According to the IEA, more than 80 percent of global energy consumption still comes from fossil fuels, with five percent coming from nuclear energy. The IEA has calculated that, in 2016, around 27 percent of the global primary energy demand was met by coal, just under 32 percent by crude oil and around 22 percent by natural gas. According to scenarios considered by the BP Energy Outlook out to 2040, coal consumption is expected to fall to just over 20 percent and oil consumption to 30 percent by 2030, while natural gas consumption will rise to almost 30 percent. Altogether, there are no specific signs of any fundamental shifts in the major trends; the share of nuclear energy will remain at around five percent. Renew­able energies are currently being developed at a rapid pace, but energy consumption is also increasing. Although renewables cover a considerable portion of the growing demand, they have not reduced the abso­lute quantities of fossil fuels consumed. On the contrary, global oil consumption reached a record high of 100 million barrels per day in 2018. This energy mix comes with negative externalities, that is, negative and unplanned consequences such as air pollution and greenhouse gas emissions, which cannot be remedied by the market alone and reveal a market failure.

Climate change and pollution are key issues for health and energy policy. The main aim of decarbonising the energy sys­tem is to help slow down the warming of the planet. The energy sector is responsible for two thirds of global greenhouse gas emissions. Huge quantities of fine particles, nitrogen oxides and other air particles are further consequences of increased road traf­fic and fossil electricity generation, espe­cially from coal. Air pollution is one of the biggest health risks worldwide. The impact of current energy use on health, the en­viron­ment and climate is devastating.

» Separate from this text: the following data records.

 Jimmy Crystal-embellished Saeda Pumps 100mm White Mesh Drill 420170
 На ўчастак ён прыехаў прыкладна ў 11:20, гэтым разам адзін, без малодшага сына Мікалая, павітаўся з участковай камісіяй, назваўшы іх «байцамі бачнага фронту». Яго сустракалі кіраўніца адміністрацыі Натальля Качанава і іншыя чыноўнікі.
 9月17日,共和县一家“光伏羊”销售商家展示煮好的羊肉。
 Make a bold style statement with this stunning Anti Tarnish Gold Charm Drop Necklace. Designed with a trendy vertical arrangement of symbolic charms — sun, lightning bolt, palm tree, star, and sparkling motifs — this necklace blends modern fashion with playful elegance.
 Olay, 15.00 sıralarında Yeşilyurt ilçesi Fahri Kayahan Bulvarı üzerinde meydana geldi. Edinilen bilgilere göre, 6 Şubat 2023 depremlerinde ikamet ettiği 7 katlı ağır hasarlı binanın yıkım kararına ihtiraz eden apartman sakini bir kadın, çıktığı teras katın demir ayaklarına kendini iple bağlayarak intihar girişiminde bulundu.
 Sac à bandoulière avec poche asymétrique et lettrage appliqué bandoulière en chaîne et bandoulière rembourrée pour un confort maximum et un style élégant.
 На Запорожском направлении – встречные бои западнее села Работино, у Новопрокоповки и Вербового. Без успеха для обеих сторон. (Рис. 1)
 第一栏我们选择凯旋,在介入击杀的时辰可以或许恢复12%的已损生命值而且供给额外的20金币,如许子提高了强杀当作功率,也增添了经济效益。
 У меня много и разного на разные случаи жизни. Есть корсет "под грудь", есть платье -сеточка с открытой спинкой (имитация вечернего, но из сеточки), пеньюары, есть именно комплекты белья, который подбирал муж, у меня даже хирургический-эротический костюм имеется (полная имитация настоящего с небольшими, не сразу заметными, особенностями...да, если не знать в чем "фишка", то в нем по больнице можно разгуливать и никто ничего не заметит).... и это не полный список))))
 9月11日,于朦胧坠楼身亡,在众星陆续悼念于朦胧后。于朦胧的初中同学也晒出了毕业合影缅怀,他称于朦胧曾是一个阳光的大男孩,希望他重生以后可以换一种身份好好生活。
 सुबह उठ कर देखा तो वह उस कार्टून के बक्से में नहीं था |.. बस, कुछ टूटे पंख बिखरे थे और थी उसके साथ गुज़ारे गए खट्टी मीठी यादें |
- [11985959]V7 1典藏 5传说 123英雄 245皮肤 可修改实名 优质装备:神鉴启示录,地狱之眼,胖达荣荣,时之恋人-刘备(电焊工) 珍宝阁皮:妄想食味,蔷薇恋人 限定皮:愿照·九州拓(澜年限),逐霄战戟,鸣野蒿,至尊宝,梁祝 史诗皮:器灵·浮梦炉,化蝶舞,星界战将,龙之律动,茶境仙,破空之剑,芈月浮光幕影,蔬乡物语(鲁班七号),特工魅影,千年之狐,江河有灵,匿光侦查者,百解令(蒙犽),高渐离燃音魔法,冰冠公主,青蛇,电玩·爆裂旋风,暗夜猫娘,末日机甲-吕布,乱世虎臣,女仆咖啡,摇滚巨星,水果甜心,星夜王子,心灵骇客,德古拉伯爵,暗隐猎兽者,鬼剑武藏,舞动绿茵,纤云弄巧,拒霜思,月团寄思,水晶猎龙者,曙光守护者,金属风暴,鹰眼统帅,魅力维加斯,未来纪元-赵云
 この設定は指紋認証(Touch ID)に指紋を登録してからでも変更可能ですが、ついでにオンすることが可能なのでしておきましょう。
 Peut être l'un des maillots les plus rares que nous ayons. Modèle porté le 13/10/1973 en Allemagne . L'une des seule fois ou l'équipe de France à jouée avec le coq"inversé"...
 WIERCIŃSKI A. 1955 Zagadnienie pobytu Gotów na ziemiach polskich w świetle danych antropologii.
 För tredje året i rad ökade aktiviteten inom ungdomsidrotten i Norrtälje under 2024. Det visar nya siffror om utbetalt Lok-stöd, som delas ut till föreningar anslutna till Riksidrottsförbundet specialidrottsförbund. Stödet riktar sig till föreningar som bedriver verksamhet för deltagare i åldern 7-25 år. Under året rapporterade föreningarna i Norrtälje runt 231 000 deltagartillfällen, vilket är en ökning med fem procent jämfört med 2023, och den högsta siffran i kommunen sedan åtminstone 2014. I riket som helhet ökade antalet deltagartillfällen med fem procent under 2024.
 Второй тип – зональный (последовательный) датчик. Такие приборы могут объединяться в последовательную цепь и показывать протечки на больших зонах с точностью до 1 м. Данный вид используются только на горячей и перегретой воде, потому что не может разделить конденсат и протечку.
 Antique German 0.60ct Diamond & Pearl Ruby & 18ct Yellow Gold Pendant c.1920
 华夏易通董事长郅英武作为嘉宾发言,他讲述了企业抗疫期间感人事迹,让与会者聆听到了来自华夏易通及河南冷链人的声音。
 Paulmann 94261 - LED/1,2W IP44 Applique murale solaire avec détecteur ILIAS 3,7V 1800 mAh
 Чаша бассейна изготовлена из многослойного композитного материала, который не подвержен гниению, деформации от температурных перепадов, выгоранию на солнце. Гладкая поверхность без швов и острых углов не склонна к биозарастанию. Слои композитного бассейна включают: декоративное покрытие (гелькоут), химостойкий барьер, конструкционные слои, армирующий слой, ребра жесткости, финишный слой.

The WHO estimates that nine out of ten people on Earth breathe air that harms their health. Seven million people die each year from air pollution which is, therefore, the fourth leading cause of death. According to the IEA, around 2.9 million people worldwide die prematurely each year as a result of urban air pollution. Around 2.6 million people die prematurely because households often use environmentally harmful fuels (such as coal and kerosene) and technology for cooking, heating and lighting in enclosed living spaces without ventilation. Women and children, in par­ticular, are most affected by household air pollution. The health consequences include respiratory and cardiovascular diseases as well as malignant lung tumours. Nuclear power plants also represent an intergenerational health risk. The threat of exposure to high levels of radiation comes primarily from accidents, but also from the final storage of fuel rods. For those living in the vicinity of nuclear power plants, there is an increased risk of developing leukaemia, especially among children.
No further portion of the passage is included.